Jan Fischer
10/8/2008 8:14:00 AM
Hello again,
Robert Klemme schrieb am 6.10.08 um 13:05:
> 2008/10/6 Martin DeMello <martindemello@gmail.com>:
>> On Mon, Oct 6, 2008 at 1:03 AM, Jan Fischer <janfischer@mail.org> wrote:
>>> At the moment I compare two strings by making them lowercase, deleting dots
>>> etc., deleting the substrings 'Inc', 'Ltd' etc. and then building the
>>> Levenshtein-Distance of the metaphone-key of the two strings.
>>> Works not really good and is damn slow, but it's okay and best I could
>>> figure out. (Nevertheless your hints on that are welcome too.)
>>>
>>> My problem is, that I don't know how to apply my compare-method in an
>>> efficient way. What I'm doing now is selecting the first row where Group is
>>> NULL and then selecting each row (where Group is NULL) in my database in a
>>> loop again, comparing with the first selected string and setting Group to a
>>> certain number if comapare method says they match.

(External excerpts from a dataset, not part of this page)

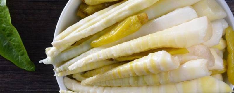 竹笋600g、泡椒50g、鸡精10g、盐25g、白糖10g、白酒30g、花椒15g、八角15g、大蒜20g、泡椒水100g、白醋30g。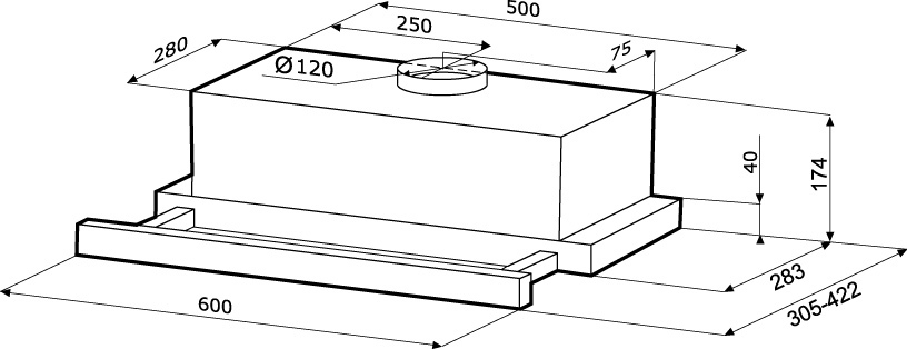 Вытяжка Krona Kamilla slim 600, серебристый, 2 мотора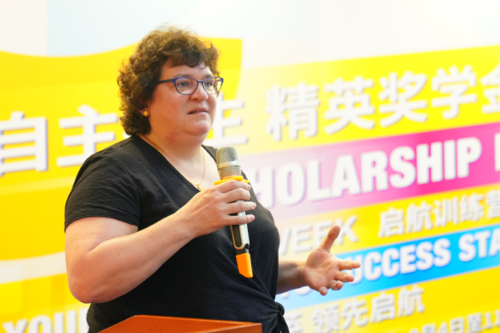 中英国际学院执行院长Laura Bishop教授致闭幕辞。她首先对通过层层选拔进入T1精英计划的学员给予高度赞赏,并向入围决赛和获奖的同学表示祝贺,她鼓励同学们在今后的学习生活中,用英文表达自己的感受和观点,提升英语逻辑思维能力和学术英语表达能力,树立团队协作精神。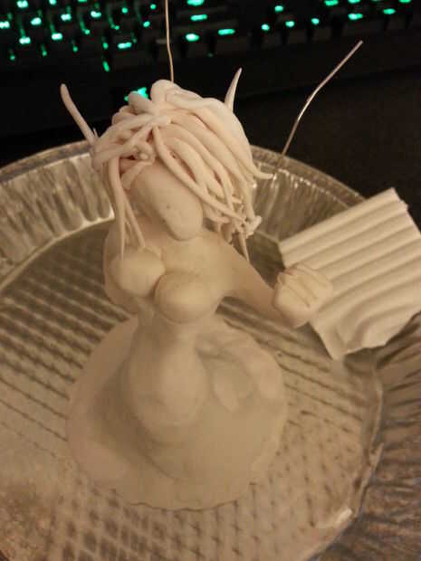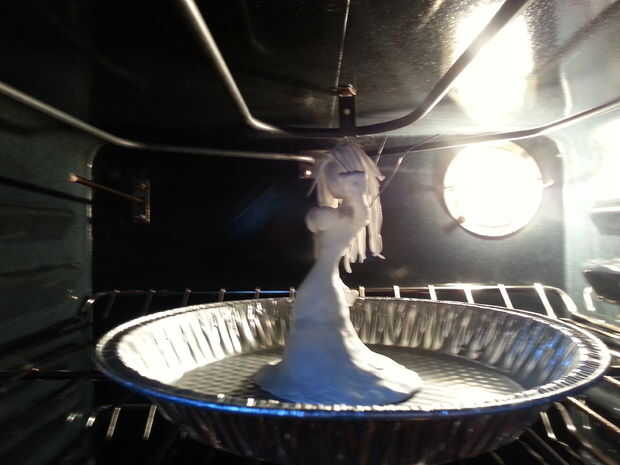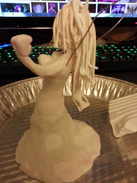 Averiguar cómo desea plantear Morgana. Tenga en cuenta que la estructura debe ser libre o de lo contrario será una) caiga al mismo tiempo de cocción, b) caiga en su vitrina. Escenario (a) es una pesadilla y pasó la primera iteración de este proyecto. El horno se calienta inicialmente la arcilla (Sculpey en este caso) y la arcilla se cuelga y se cae antes de realmente tener una oportunidad para endurecer.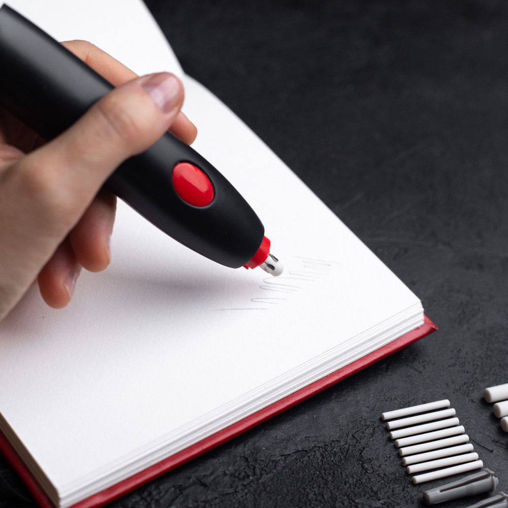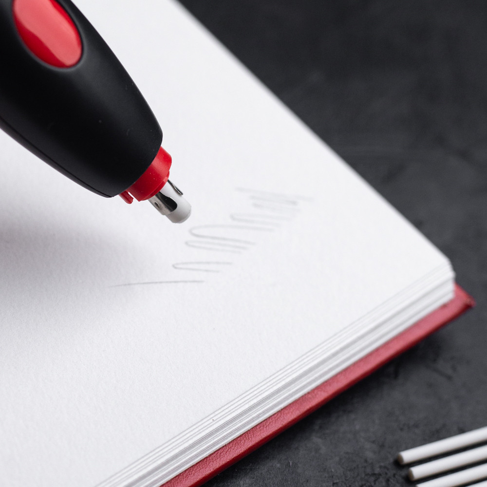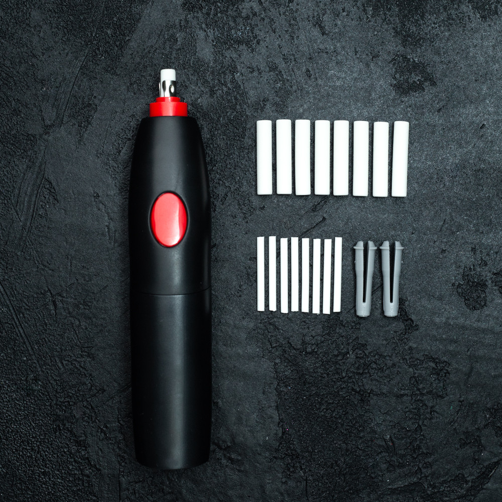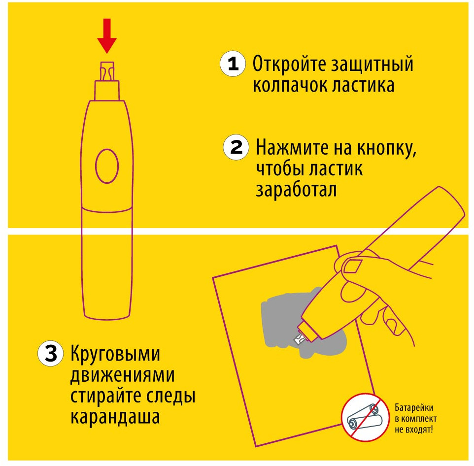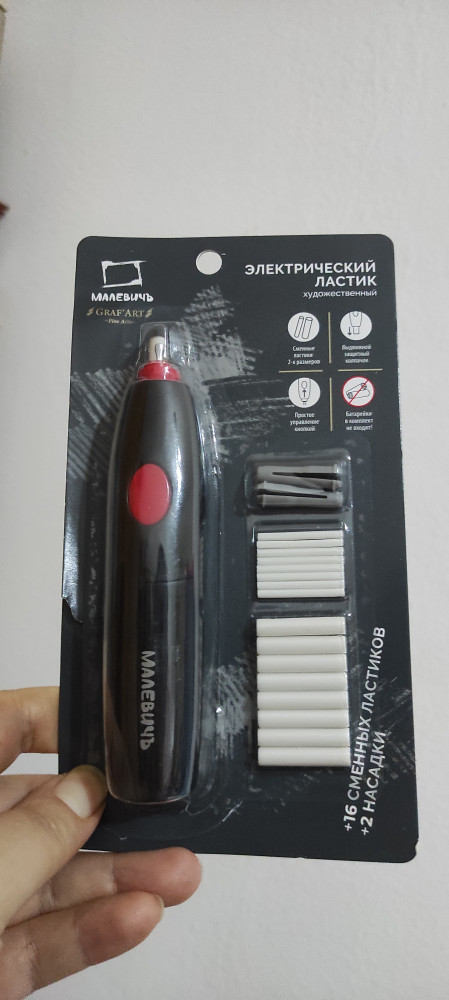 Хороший ластик. Удобно ложится в руку. Работает на мизинчиковых батарейках, при работе жужжит😆. Есть дополнительные сменные ластики двух размеров. Рекомендуюк покупке.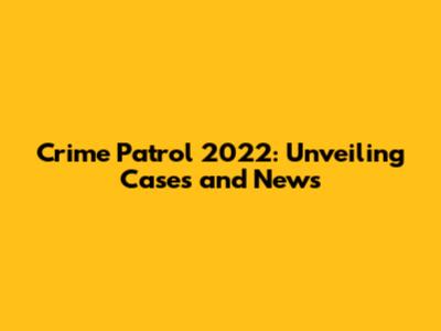 Crime Patrol 2022: Exploring Cases & News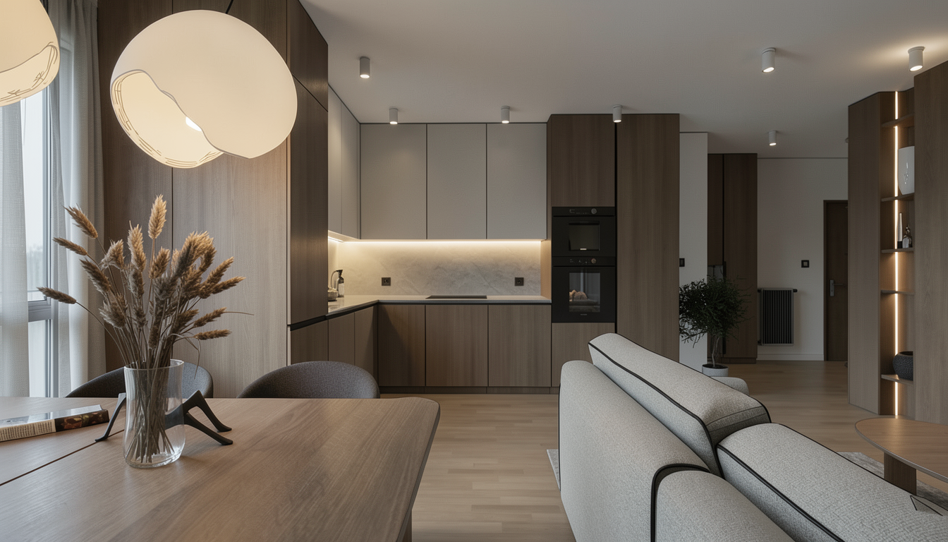 show a dark grey dimensional shingle roof dark grey corbels and dark grey horizonal wood shutter at the entry dark grey banding under the roof line base of house is painted white stucco the garage doors are staggered and each has a hip roof that protrudes beyond the front entry dark grey dappled paver sidewalk from entry doors sweeping to right side of home tropical landscape with blue sky and fair weather clouds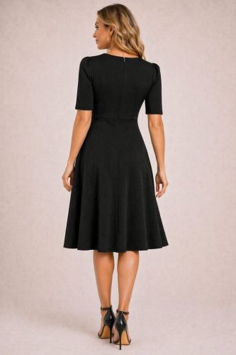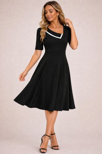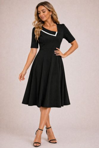 • Kadın kısa kollu asimetrik yaka detaylı midi janjan krep elbise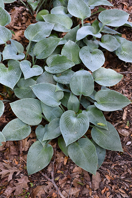 Blue Moon Hosta will grow to be only 6 inches tall at maturity extending to 10 inches tall with the flowers, with a spread of 12 inches. When grown in masses or used as a bedding plant, individual plants should be spaced approximately 10 inches apart. Its foliage tends to remain low and dense right to the ground. It grows at a slow rate, and under ideal conditions can be expected to live for approximately 10 years. As an herbaceous perennial, this plant will usually die back to the crown each winter, and will regrow from the base each spring. Be careful not to disturb the crown in late winter when it may not be readily seen!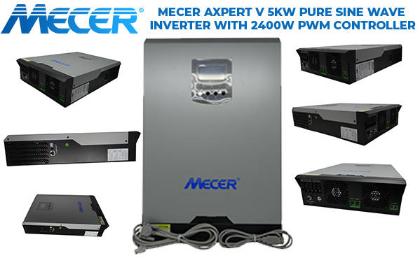Mecer Axpert V 5kW Pure Sine Wave Inverter with 2400W PWM controller - Configurable AC/Solar Input priority via LCD setting, PWM Solar charger Type, 2400W Maximum PV Array power, 105 VDC Maximum PV Array open Circuit voltage, USB & RS-232 communication Port, 48 VDC battery voltage, 10 MS transfer time, Retail Box , 1 year Limited Warranty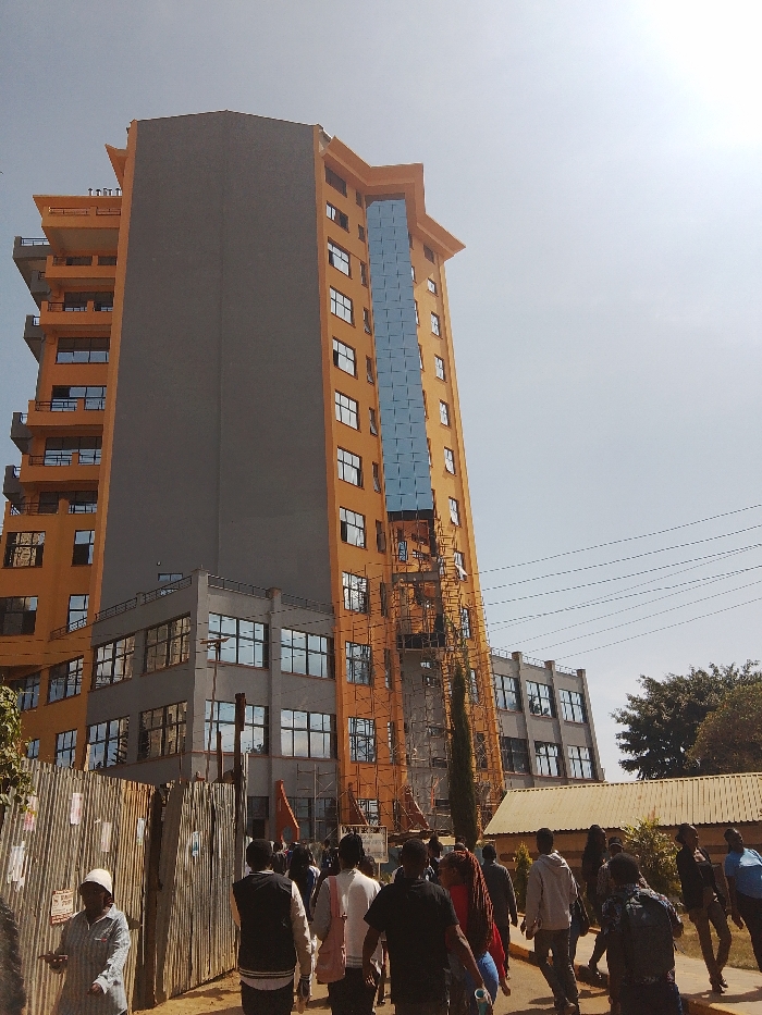 This image depicts a bustling urban scene in Karingani ward, Kenya, dominated by a tall, multi-story building under construction or renovation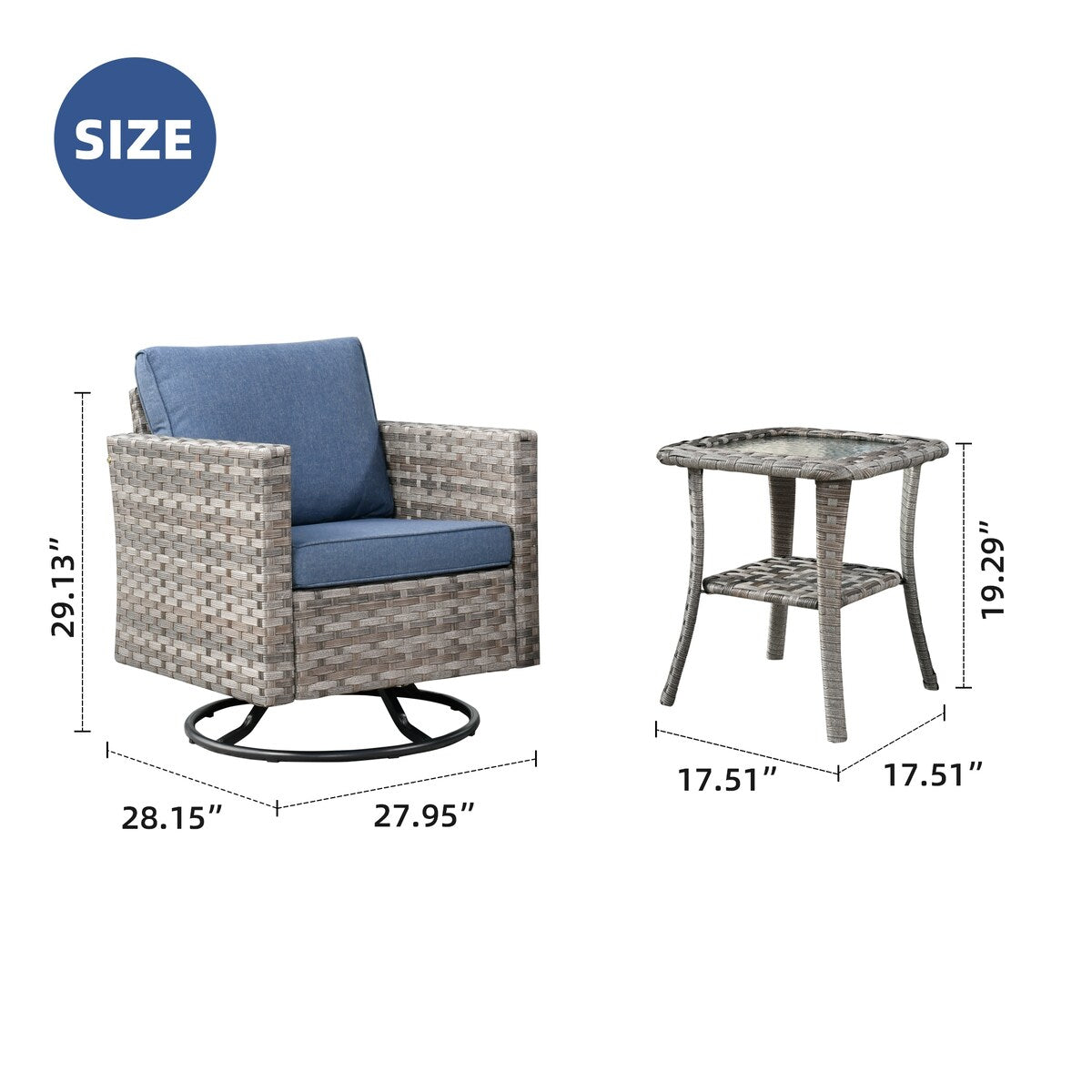 OVIOS 2-piece Swivel Rocking Wicker Chair Side Table Conversation Set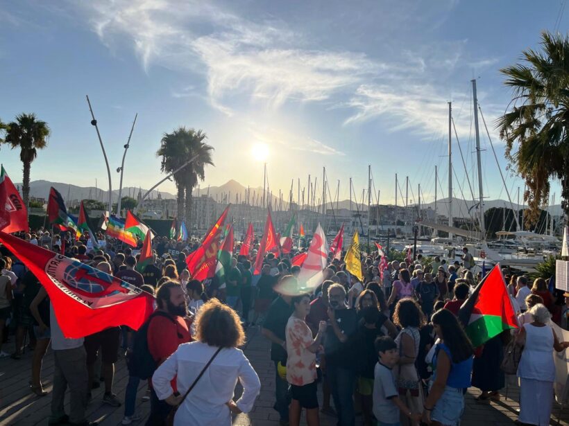 Il corteo di barche della Lega Navale Italiana nel golfo di Palermo, di fronte al lungomare intitolato a Yasser Arafat, storico leader della resistenza palestinese e capo dell’OLP, ha aperto la manifestazione indetta il 6 settembre scorso dalla CGIL a livello nazionale in varie città italiane e che, nel capoluogo siciliano, si è svolta a partire dalle 17.00.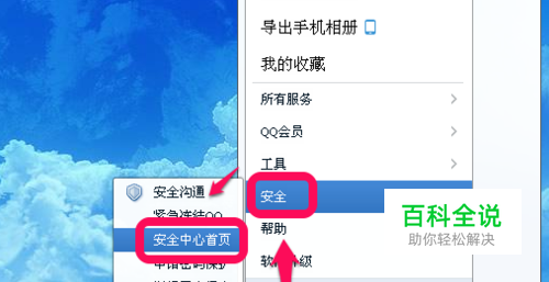 首先,我们打开QQ,点击下方 QQ的菜单图标——》安全——》安全中心首页,如图。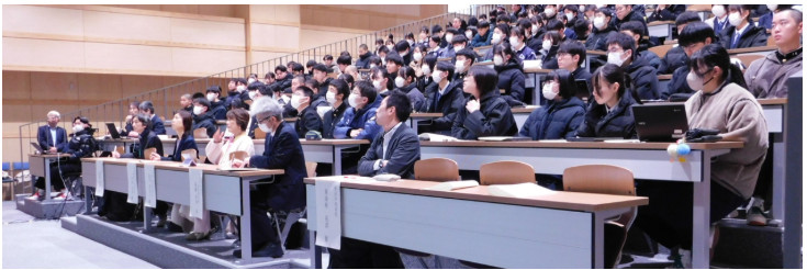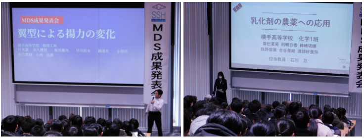この発表会は、2年生で実施している理数科のMDS探究Aと普通科のMDS探究Bの科目でとり組んだ研究について、代表班によるプレゼンテーション発表を行ったもので、1年生は大講堂で、2年生は各教室でオンラインで参加して実施されました。外部からはSSH運営指導委員の先生方6名(オンラインでの参加も含)のほか、県教育委員会から指導主事の先生、他校の先生も参加していただき、発表後には講評をいただきました。

>> The problem with relying on a compare function for grouping is that it
>> leads naturally to an O(n^2) solution. Ideally, what you want is some
>> sort ofo "characteristic" function, so that two entries with the same
>> characteristic are likely to be in the same grouping. Of course,
>> coming up with the characteristic is not always easy, and may not even
>> be possible, but it's a useful direction to think in. Look up fuzzy
>> searching techniques, too, and see if they have anything adaptable.
>
> Also, look into your database's feature set. Most modern RDBMS come
> with text searching capabilities and dealing with large volumes of
> data is where those beasts excel. If such a characteristic function
> can be found chances are that you can implement it as function in the
> DB and resolve the issue via database queries / updates.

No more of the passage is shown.